Charaxes musakensis

Scientific classification
- Kingdom: Animalia
- Phylum: Arthropoda
- Class: Insecta
- Order: Lepidoptera
- Family: Nymphalidae
- Genus: Charaxes
- Species: C. musakensis
- Binomial name: Charaxes musakensis Darge, 1973

= Charaxes musakensis =

- Authority: Darge, 1973

Species of butterfly

Charaxes musakensis is a butterfly in the family Nymphalidae. It is found in Cameroon. The habitat consists of montane forests at altitudes above 1,300 meters.
==Taxonomy==
Known only from the type locality Musake Hut, Mount Cameroon.
==Related species==
Historical attempts to assemble a cluster of presumably related species into a "Charaxes jasius Group" have not been wholly convincing. More recent taxonomic revision, corroborated by phylogenetic research, allow a more rational grouping congruent with cladistic relationships. Within a well-populated clade of 27 related species sharing a common ancestor approximately 16 mya during the Miocene, 26 are now considered together as The jasius Group. One of the two lineages within this clade forms a robust monophyletic group of seven species sharing a common ancestor approximately 2-3 mya, i.e. during the Pliocene, and are considered as the jasius subgroup. The second lineage leads to 19 other species within the Jasius group, which are split into three well-populated subgroups of closely related species.

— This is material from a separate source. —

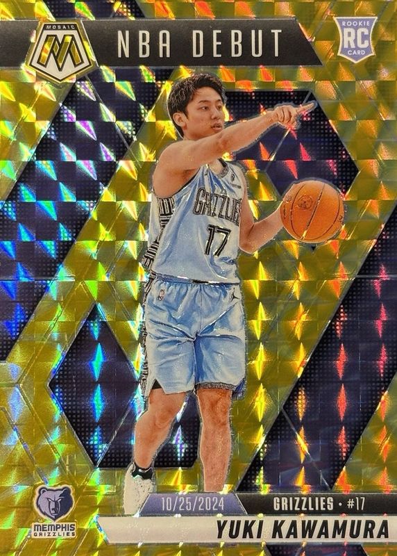 2024-25 Panini Mosaic NBA Debut RC Yuki Kawamura Yellow Reactive Prizm Grizzlies

The jasius Group (26 Species):

Clade 1: jasius subgroup (7 species)

Clade 2: contains the well-populated three additional subgroups (19 species) of the jasius Group: called the brutus, pollux, and eudoxus subgroups.

- the eudoxus subgroup (11 species):
- Charaxes eudoxus
- Charaxes lucyae
- Charaxes richelmanni
- Charaxes musakensis
- Charaxes biokensis[stat.rev.2005]
- Charaxes ducarmei
- Charaxes druceanus
- Charaxes tectonis
- Charaxes phraortes
- Charaxes andranodorus
- Charaxes andrefana[stat.rev.2025]

Further exploration of the phylogenetic relationships amongst existing Charaxes taxa is required to improve clarity.